Download Libr ries Book in PDF, Epub and Kindle

This volume is the first to examine the social, cultural, and political implications of the shift from the traditional forms and functions of print-based libraries to the delivery of online information in educational contexts. Libr@ries are conceptualized as physical places, virtual spaces, communities of literate practice, and discourses of information work. Despite the centrality of libraries in literacy and learning, the study of libraries has remained isolated within the disciplinary boundaries of information and library science since its inception in the early twentieth century. The aim of this book is to problematize and thereby mainstream this field of intellectual endeavor and inquiry.

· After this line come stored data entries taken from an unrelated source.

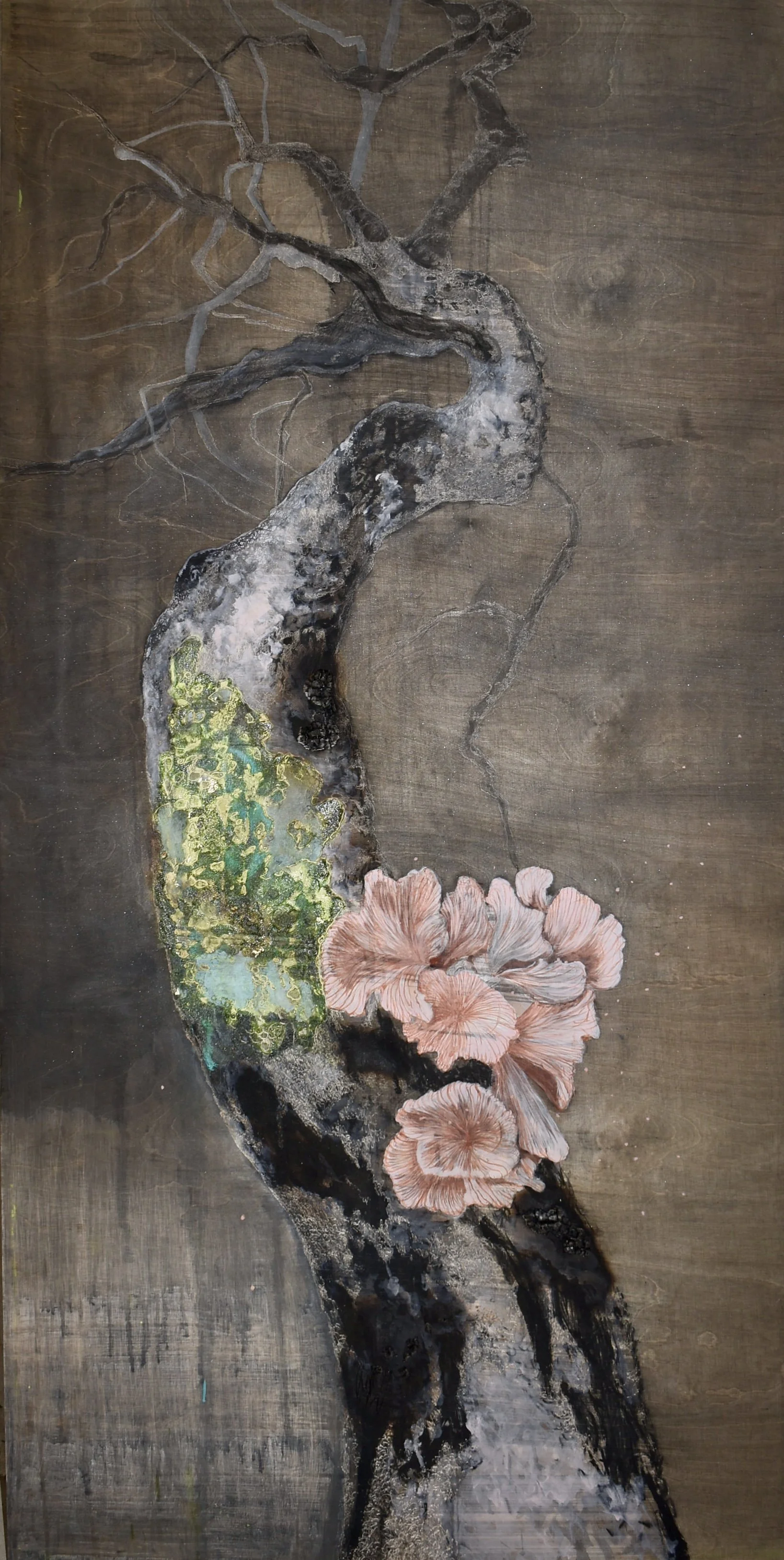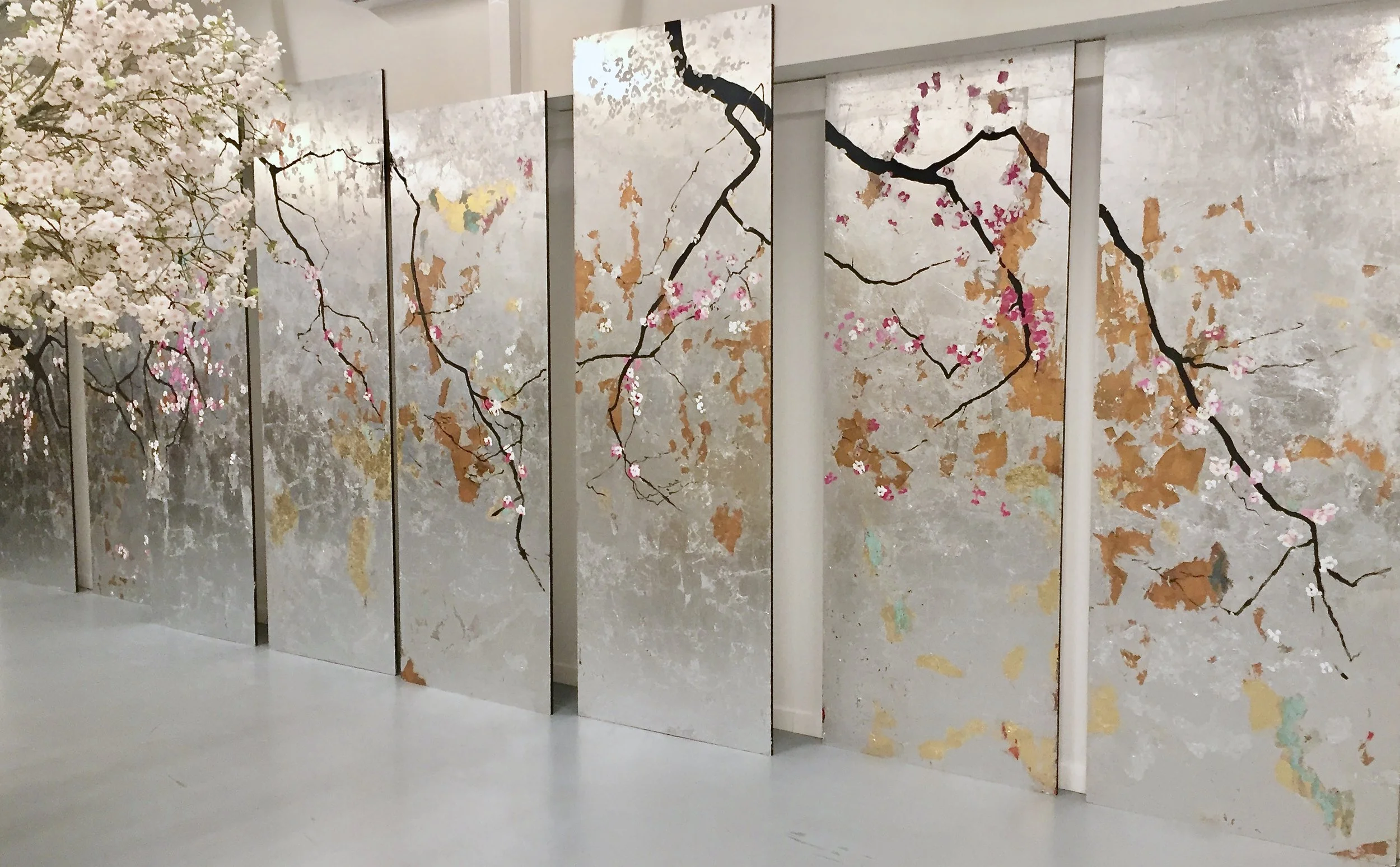 Apple blossom,2020, ink and silver/copper leaves on wood, 230x900cm
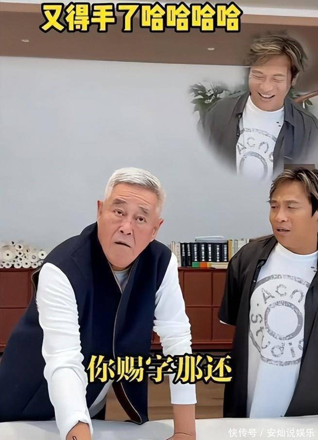 他有时候会在宋小宝的视频里现个身,穿着马甲练练字,还和徒弟们聊聊、逗逗趣。
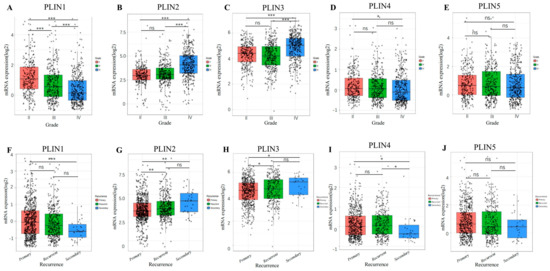 Correlation analysis of PLINs and clinical features of glioma. (A−E) The mRNA expression levels of PLIN1-5 in different glioma World Health Organization classifications (* p < 0.05; ** p < 0.01; *** p < 0.001, ns: no significance) (F−J) Comparison of mRNA expression levels of PLIN1−5 in primary, secondary, and recurrent glioma.
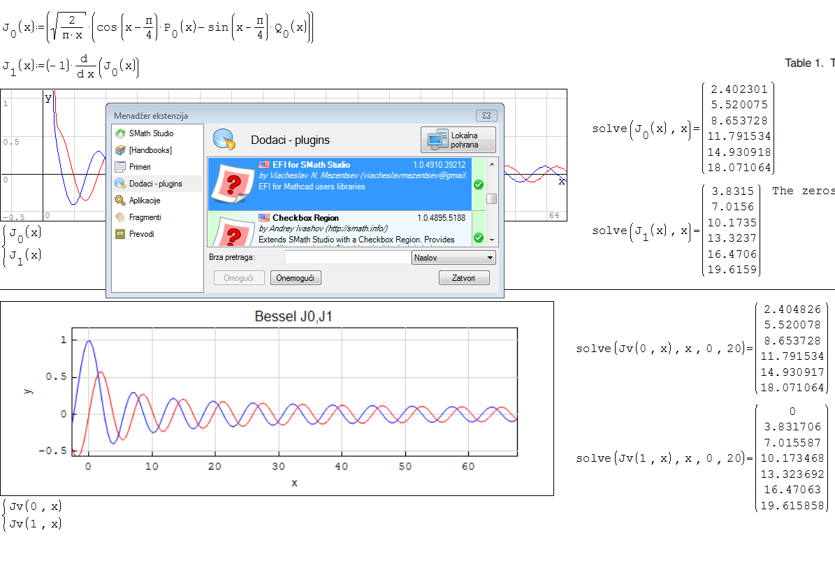 First: Is there any plugin or function in SMath Studio for Bessel functions?
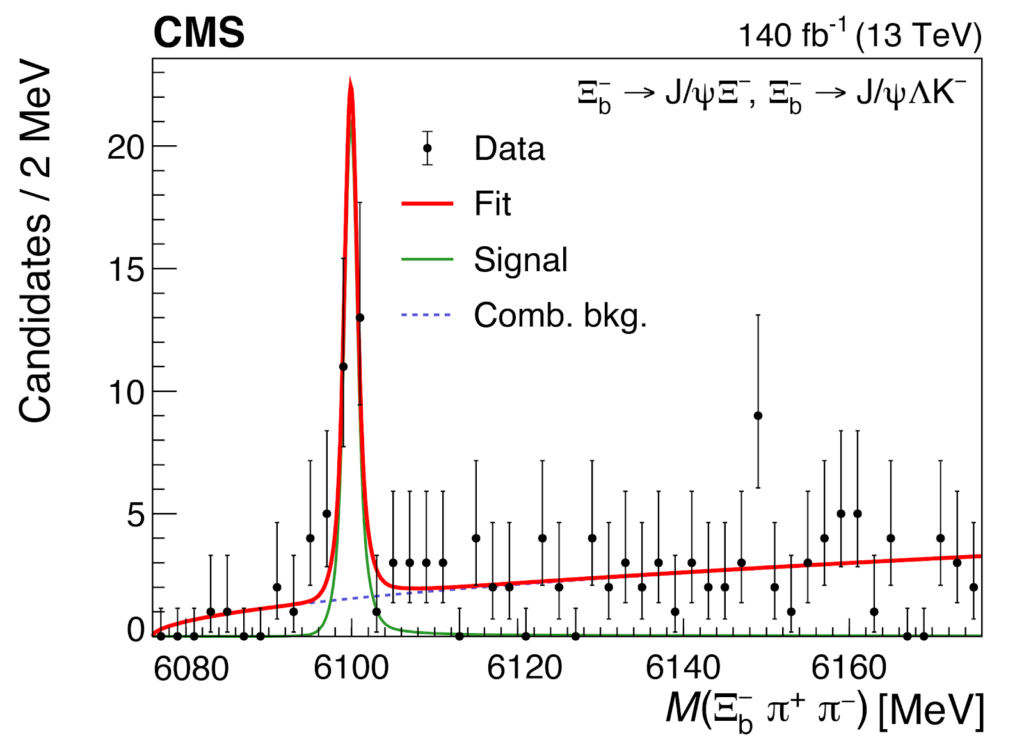 Инвариантная масса отобранных Ξb–π+π– кандидатов. Пик соответствует новой частице с массой 6100,3 ± 0,6 МэВ @ CERN, for the benefit of the CMS Collaboration

Collectively the contributors interrogate the presuppositions of current library practice, seek to understand how library as place and library as space blend together in ways that may be both contradictory and complementary, and envision new modes of information access and new multimodal literacies enabled by online environments. Libr@ries: Changing Information Space and Practice is intended for advanced undergraduate and graduate students, researchers, and educators in the fields of literacy and multiliteracies education, communication technologies in education, library sciences, information and communication studies, media and cultural studies, and the sociology of computer-mediated space.

Language and Power The Implications of Language for Peace and Development

Language and Power  The Implications of Language for Peace and Development
Author: Birgit Brock-Utne,Gunnar Garbo
Publsiher: African Books Collective
Total Pages: 348
Release: 2009-09-15
Genre: Language Arts & Disciplines
ISBN: 9789987081462

Download Language and Power The Implications of Language for Peace and Development Book in PDF, Epub and Kindle

Language is a tool used to express thoughts, to hide thoughts or to hide lack of thoughts. It is often a means of domination. The question is who has the power to define the world around us. This book demonstrates how language is being manipulated to form the minds of listeners or readers. Innocent words may be used to conceal a reality which people would have reacted to had the phenomena been described in a straightforward manner. The nice and innocent concept "cost sharing", which leads our thoughts to communal sharing and solidarity, may actually imply privatization. The false belief that the best way to learn a foreign language is to have it as a language of instruction actually becomes a strategy for stupidification of African pupils. In this book 33 independent experts from 16 countries in the North and the South show how language may be used to legitimize war-making, promote Northern interests in the field of development and retain colonial speech as languages of instruction, languages of the courts and in politics. The book has been edited by two Norwegians: Birgit Brock-Utne is a professor at the University of Oslo and a consultant in education and development. From 1987 until 1992 she was a professor at the University of Dar es Salaam. Gunnar Garbo, author and journalist and former member of the Norwegian Parliament, was the Norwegian Ambassador to Tanzania from 1987 to 1992.